The single most important question is not did you finish. It is can you predict, from a one-paragraph workload description, where the scheduler will become the bottleneck and what runtime/metrics field will surface it? When a colleague says "our p99 jumped after we increased worker count from 8 to 64" and you can name three plausible scheduler causes and the metric to confirm each — that's senior. When you can also pick the cheapest one to verify first, that's staff.


Stretch challenges

S1 — Build a custom dashboard for runtime/metrics. Wire runtime/metrics into Prometheus or OpenTelemetry. Expose all /sched/*, /gc/*, and /cpu/classes/gc/* histograms. Build a Grafana dashboard with: scheduling latency p50/p99, GC pause p99, assist CPU rate, goroutine count, and Ps idle/busy. Run it against a real service for a week. Identify three "interesting" events in the timeline (deploys, traffic spikes, GC churn) and write a one-paragraph post-mortem of each. The deliverable is not the dashboard; it is the intuition of what these metrics look like in steady state vs distress.

S2 — Reproduce a real scheduling pathology from a Go issue tracker. Browse https://github.com/golang/go/issues with label Scheduler. Pick a closed issue with a reproducer attached. Reproduce on your machine. Walk through the fix in the corresponding CL. Predict, before reading the fix, what you would change. Compare. The skill grown here is reading other people's runtime patches.

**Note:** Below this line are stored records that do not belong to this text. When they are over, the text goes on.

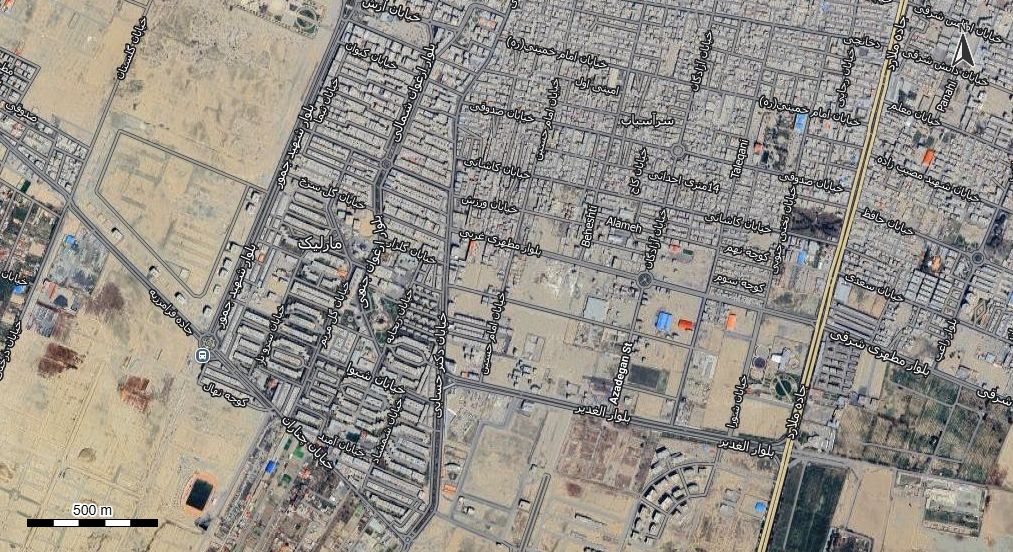 نقشه با تصویر هوایی - ماهواره ای شهر سرآسیاب و مارلیک در اتوکد با مختصات UTM
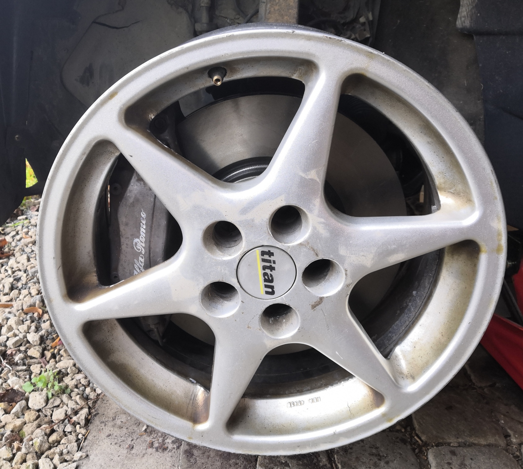 Každopádně jsem průběžn začal s nějakou běžnou údržbou. Auto při přidání skočilo půl metru doprava, při ubrání doleva, už od pohledu to bylo rozbíhavý asi 5 cm. Takže jsem posháněl ramena - horní i spodní, zabojoval jsem se strongflexama a nasadil. Původní kola jsem sundal a nasadil 17tky tristary se semislickama a namontoval stabilizátory z GTA. Ve skříni mně tam leží pár věcí, které jsem měl původně na nissana, ale asi půjdou na alfici. Tj. olejový chladič se sendvičem s termostatem, čtyřpístky z Fiata Coupé se žlutýma EBC, lepší volant a další. Musím i do budoucna počítat s Q2. Viz. dále. Na stojanu mi visí druhý, trochu výkonnější motor. Primárně to chci dostat do průměrného stavu takhle staré ojetiny a povozit se. Leštěnka z toho nikdy nebude a ani to není mým cílem.
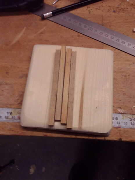 Hacer una lámpara de madera base en forma de un obelisco para una lámpara de mesa o mesita de noche.Materiales que necesitas son una tabla de madera gruesa de 3/4" 4 pulgadas de ancho por unos 40 pulgadas de largo; un pedazo de madera contrachapada d
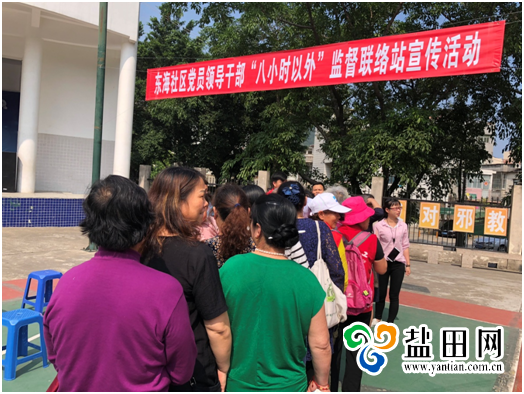 据了解,东海社区监督联络站充分利用宣传栏、微信等平台方式,大力宣传党员领导干部“八小时以外”活动监督管理的意义,让群众了解和明确党员领导干部“社交圈”“生活圈”“休闲圈”中的“不可为”行为。设立举报箱,开启群众监督渠道,加大党员领导干部“八小时以外”活动监督力度,营造良好的舆论氛围。

S3 — Sketch a "scheduler-aware" worker pool library. Take Task 15's limiter and Task 23's fair scheduler. Combine them: a worker pool that monitors runtime/metrics and shrinks/grows its worker count in response to scheduling latency. When /sched/latencies:seconds p99 exceeds a threshold, reduce concurrency (counterintuitive but correct — you're oversubscribed). When it falls, expand. Stress-test against a workload that varies between CPU-bound and I/O-bound. The interesting bug to find: the feedback loop oscillates if your hysteresis is wrong. Tune it.